Never do anyone any favours as the recipients would take their revenge for dependency

“Should not the People of the Book Defer to the People of the Library?” From The Impertinences of Bachchoo

A grand and cynical friend once told me never to do anyone any favours as the recipients would take their revenge for dependency. He said this when, driving through London a friend phoned to ask me for a couple of hundred pounds loan so that as he said he could keep the household in food for the week. This friend is by no means poor, so I didn’t ask why he was so strapped for cash, but went to a dispensing machine and took the cash to him. The “Sermon From the Passenger Seat” followed.

It’s the sort of statement that one rejects and then, in vacant or in pensive mood, reflects upon. Such a reflection recurred last week in Mumbai when, looking through the newspapers I came upon an article by a fellow I once knew.

The article was pompous nonsense about politics and it vaguely touched upon there being no gratitude in the cut and thrust of political advancement. Which then led to my recalling a story of various gratitudes.

This Mr Journo was a friend of my late ex-wife Mala Sen. I worked at the time as a commissioning editor for UK’s Channel 4 TV, commissioning programmes and films and bringing them to the screen. Mr Journo suffered a traffic accident, which Mala told me, resulted in a life-threatening infection of the marrow or the bone.
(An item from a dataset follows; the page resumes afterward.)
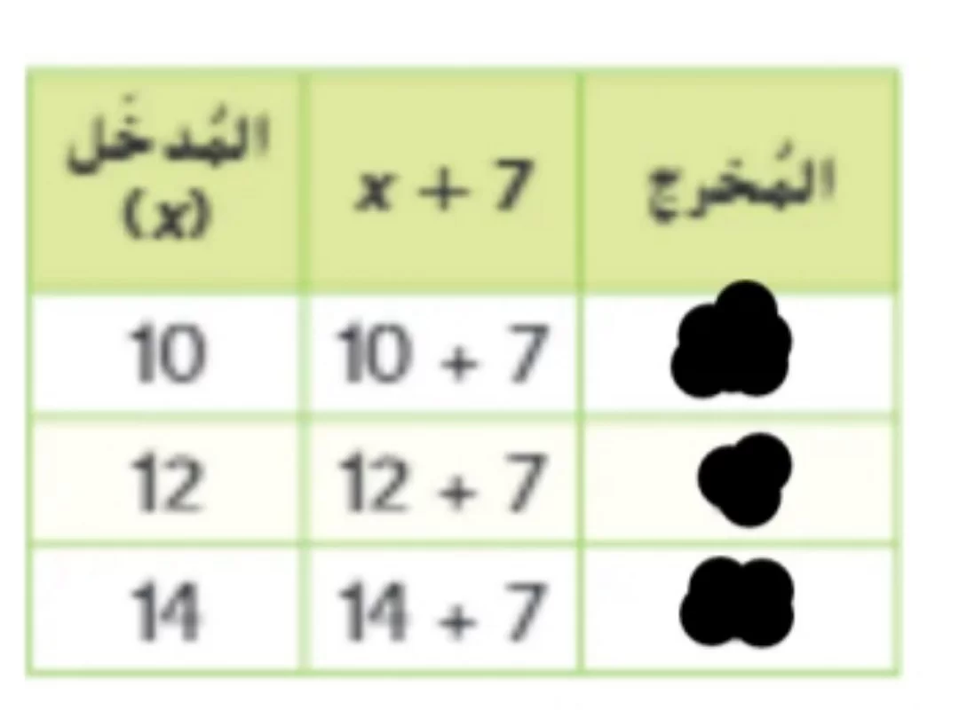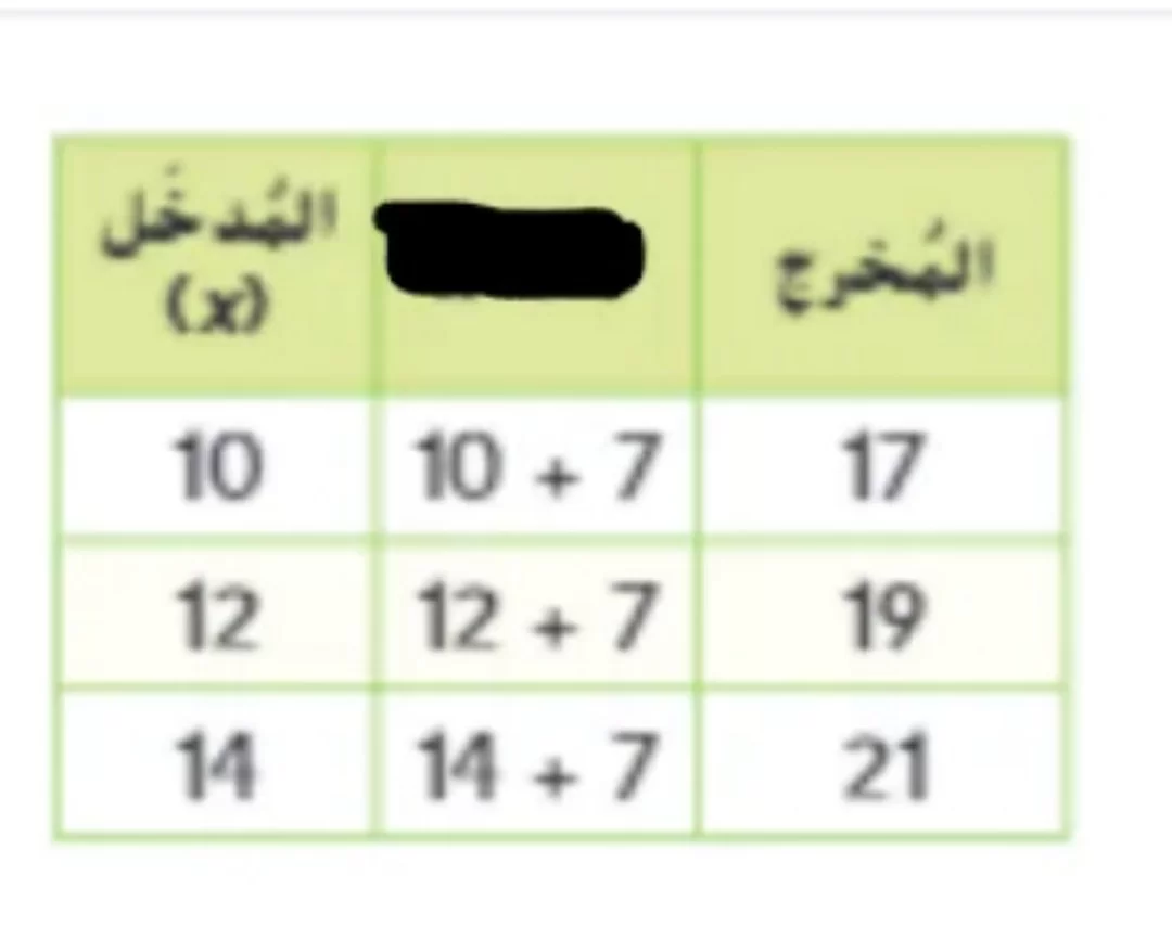 بالنظر إلى الجدول، نلاحظ أن كل مخرج ينتج عن إضافة الرقم 7 إلى المدخل المقابل له (10 + 7 = 17، 12 + 7 = 19، 14 + 7 = 21)، لذا القاعدة هي +7.

There was no known cure. Mr J would have to suffer and perhaps die.

Except… except that an Indian researcher told Mala that the disease was being worked on in Britain. Mala asked me to make enquiries. I did and found that the particular research experts in the field were a husband and wife team of expatriate Kashmiri Indians. I mentioned this fact to a Kashmiri friend, who did the English subtitling for Channel 4.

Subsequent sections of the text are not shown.